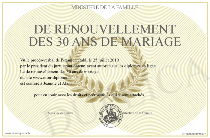 Envoyez par email votre de renouvellement des 30 ans de mariage personalisé
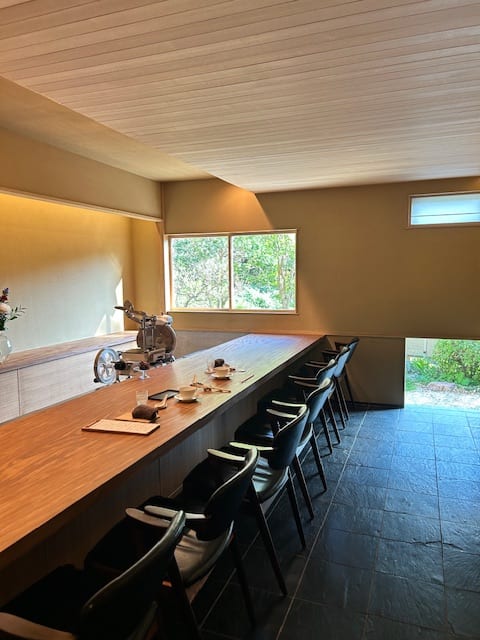 店名は青天の霹靂の「ヘキレキ」から。店内は7席のカウンターと個室がひとつ。庭の緑を眺めつつ、のんびりゆっくり至福の時間が過ごせる。
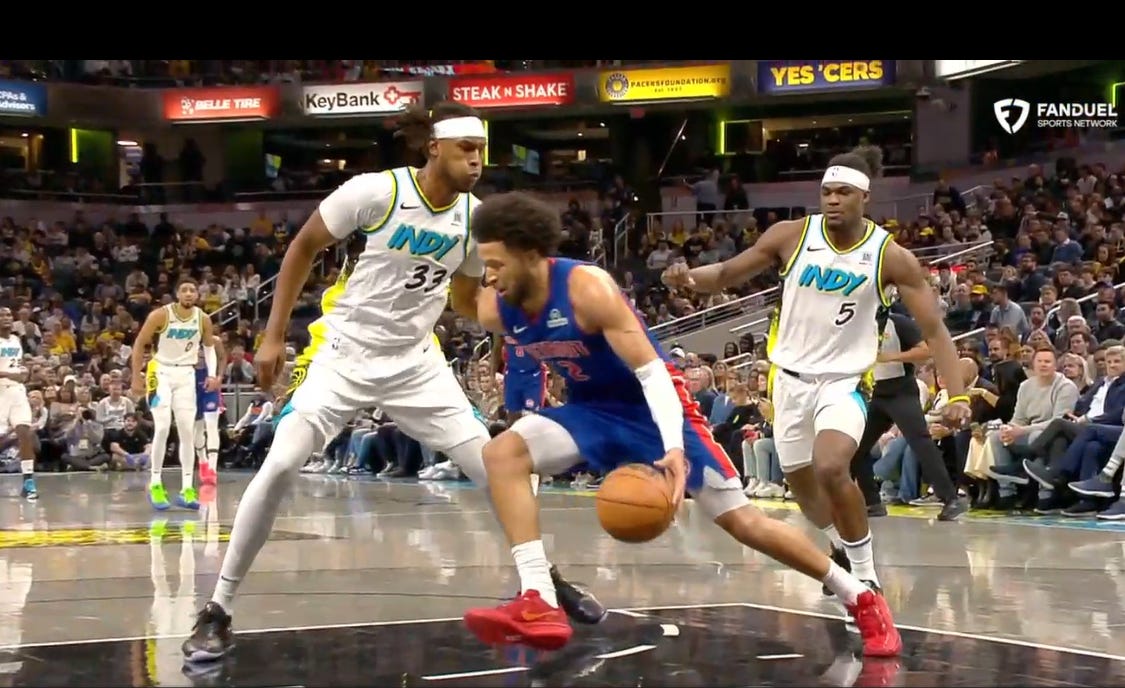 Cunningham also had four turnovers and for a couple of different stretches did not bring the ball up, to save some energy for the half court. The pressure was highlighted early in the game by Walker and then Myles Turner teaming up to turn and then stymie Cunningham and earning an 8-second backcourt violation and setting the tone for how the Pacers would attack the Pistons all night.
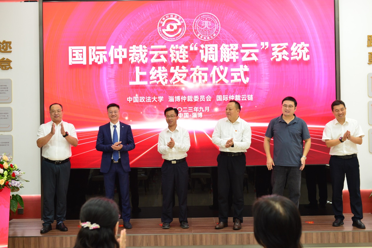 山東省司法廳一級(jí)調(diào)研員李世敏,淄博仲裁辦黨組書記、主任張公博,淄博仲裁辦黨組成員、副主任閆世學(xué),中國政法大學(xué)副教授、國際仲裁云鏈理事會(huì)副理事長周蔚,中國政法大學(xué)網(wǎng)絡(luò)安全和信息化辦公室副主任張軼舸,泰杭律師事務(wù)所主任、國際仲裁云鏈理事會(huì)理事汪政共同為調(diào)解云系統(tǒng)上線揭牌。
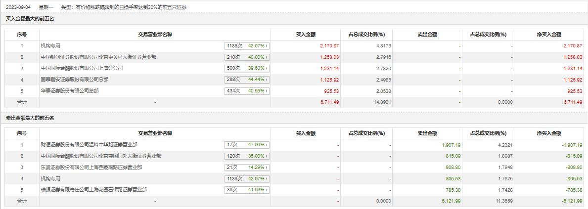 具体来看,机构买入2170.87万元,卖出805.53万元,合计净买入1365.34万元。此外,财通证券温岭中华路证券营业部、中国国际金融北京建国门外大街证券营业部分别卖出1907.19万元、815.09万元;中国银河证券北京中关村大街证券营业部、中国国际金融上海分公司分别买入1258.03万元、1231.14万元。
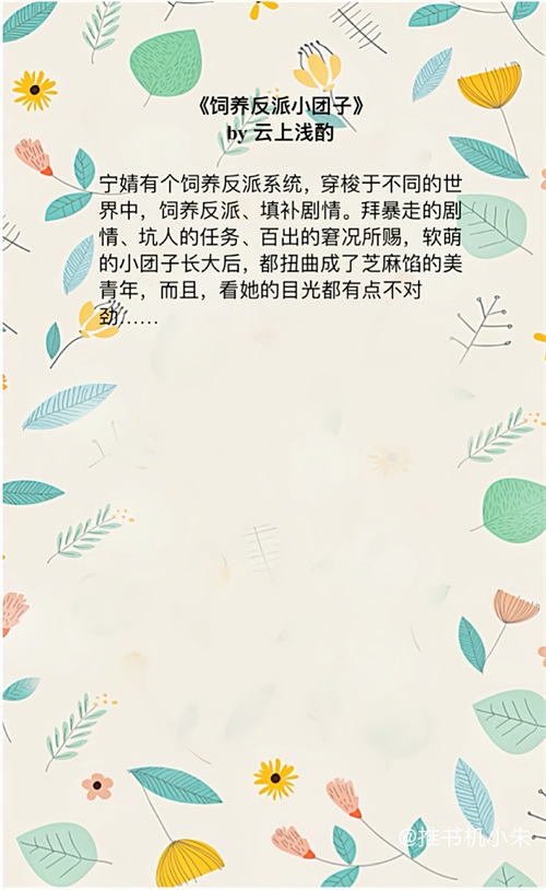 短评:这本还可以,文荒的时候可以看看。前期就是养成啦,女主辛辛苦苦把戒备心很重的小反派养成乖小孩(表面),在在期间还和原书男主有点牵扯,当时觉得男主和原书男主在女主面前一个装的比一个乖的时候觉得很好玩。后面女主会突然消失五六年然后换马甲回来,这里感觉有点小虐,男主后面是真病娇啊。但是我很喜欢女主确定感情后就采取行动不磨唧,也不作,然后在平行时空里没人陪着长大的坏小孩最后也有人陪我就很喜欢啦。
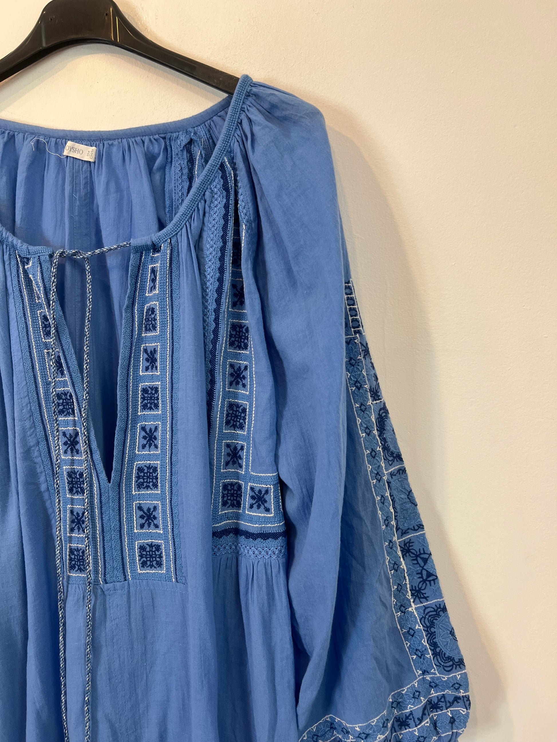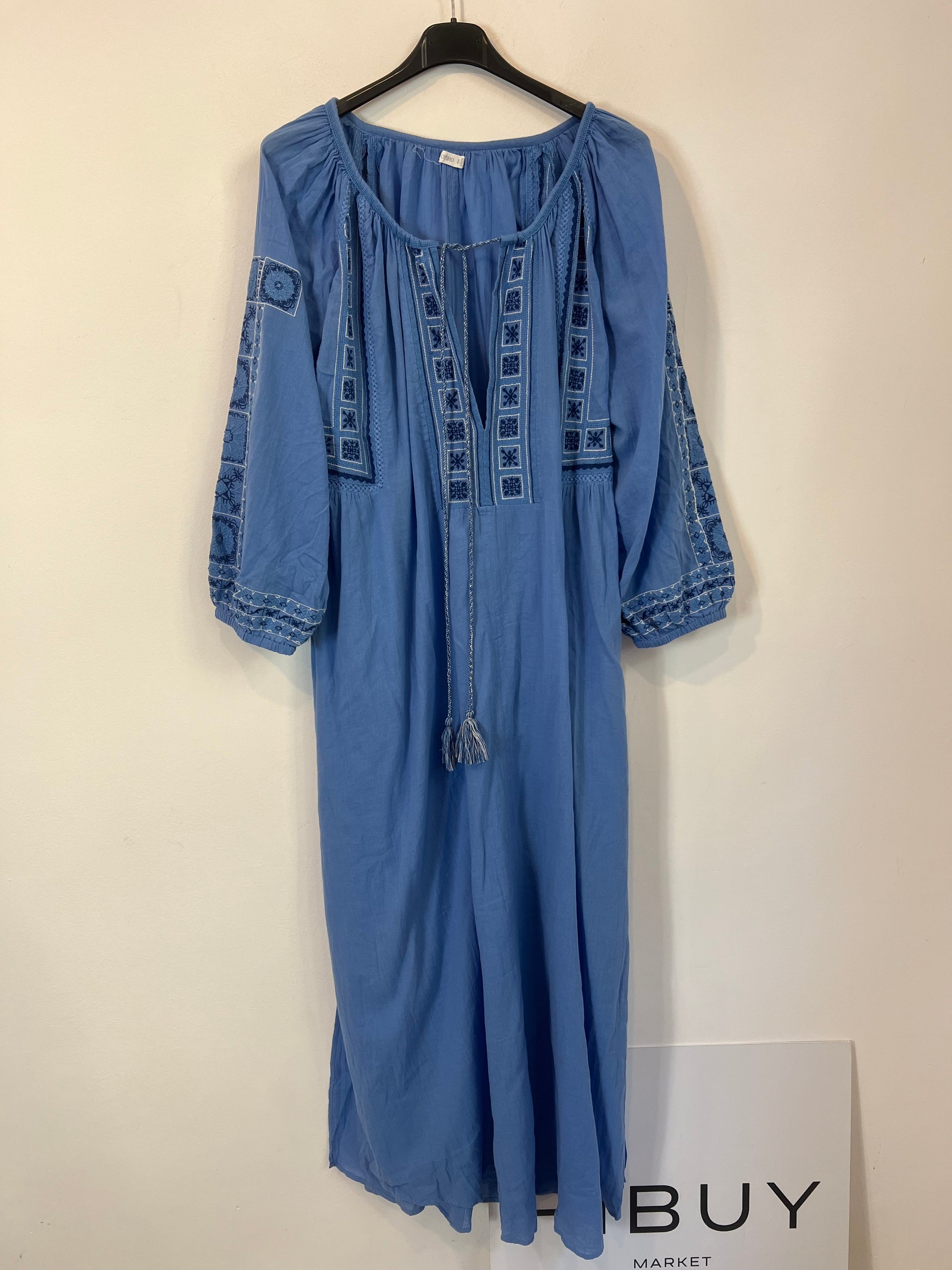 vestido largo azul bordado. de sisa a sisa amplia largos 135 cm
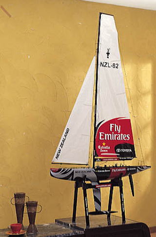 ニュージーランドのEmirates Teamのアメリカズ カップレーシングヨットです。延べ20,000人- 時間と6ヶ月を費やして2007年のレガッタに 向けて建造されたものです。 サンダータイガーはこのヨットをETNZの公式 ライセンス取得し1mモデルとして完成させま した。工場で組立塗装し完成されたABS製船体 、高性能レーシングセール、軽量押出アルミ製 のマストとブーム、水力抗力の少ないスチール製 バラストで構成されています。 レースを終えたら部屋のデコレーションとして 見栄えのある船艇です。このキットにはメンテ ナンスや展示に便利な黒色アルマイト着色の アルミ製スタンドも付属しています 品番----------------5555 全長----------------993mm マスト高------------1306mm 全高---------------1700mm 重量----------------3.5kg RC装置-------------2チャンネル2サーボ 標準税込価格----------\34,800→製造中止 |

+++++

#### The task:
Restate each entry verbatim and skip every image.

#### Solution below:
 Envoyez par email votre de renouvellement des 30 ans de mariage personalisé
 店名は青天の霹靂の「ヘキレキ」から。店内は7席のカウンターと個室がひとつ。庭の緑を眺めつつ、のんびりゆっくり至福の時間が過ごせる。
 Cunningham also had four turnovers and for a couple of different stretches did not bring the ball up, to save some energy for the half court. The pressure was highlighted early in the game by Walker and then Myles Turner teaming up to turn and then stymie Cunningham and earning an 8-second backcourt violation and setting the tone for how the Pacers would attack the Pistons all night.
 山東省司法廳一級(jí)調(diào)研員李世敏,淄博仲裁辦黨組書記、主任張公博,淄博仲裁辦黨組成員、副主任閆世學(xué),中國政法大學(xué)副教授、國際仲裁云鏈理事會(huì)副理事長周蔚,中國政法大學(xué)網(wǎng)絡(luò)安全和信息化辦公室副主任張軼舸,泰杭律師事務(wù)所主任、國際仲裁云鏈理事會(huì)理事汪政共同為調(diào)解云系統(tǒng)上線揭牌。
 具体来看,机构买入2170.87万元,卖出805.53万元,合计净买入1365.34万元。此外,财通证券温岭中华路证券营业部、中国国际金融北京建国门外大街证券营业部分别卖出1907.19万元、815.09万元;中国银河证券北京中关村大街证券营业部、中国国际金融上海分公司分别买入1258.03万元、1231.14万元。
 短评:这本还可以,文荒的时候可以看看。前期就是养成啦,女主辛辛苦苦把戒备心很重的小反派养成乖小孩(表面),在在期间还和原书男主有点牵扯,当时觉得男主和原书男主在女主面前一个装的比一个乖的时候觉得很好玩。后面女主会突然消失五六年然后换马甲回来,这里感觉有点小虐,男主后面是真病娇啊。但是我很喜欢女主确定感情后就采取行动不磨唧,也不作,然后在平行时空里没人陪着长大的坏小孩最后也有人陪我就很喜欢啦。
 vestido largo azul bordado. de sisa a sisa amplia largos 135 cm
 ニュージーランドのEmirates Teamのアメリカズ カップレーシングヨットです。延べ20,000人- 時間と6ヶ月を費やして2007年のレガッタに 向けて建造されたものです。 サンダータイガーはこのヨットをETNZの公式 ライセンス取得し1mモデルとして完成させま した。工場で組立塗装し完成されたABS製船体 、高性能レーシングセール、軽量押出アルミ製 のマストとブーム、水力抗力の少ないスチール製 バラストで構成されています。 レースを終えたら部屋のデコレーションとして 見栄えのある船艇です。このキットにはメンテ ナンスや展示に便利な黒色アルマイト着色の アルミ製スタンドも付属しています 品番----------------5555 全長----------------993mm マスト高------------1306mm 全高---------------1700mm 重量----------------3.5kg RC装置-------------2チャンネル2サーボ 標準税込価格----------\34,800→製造中止 |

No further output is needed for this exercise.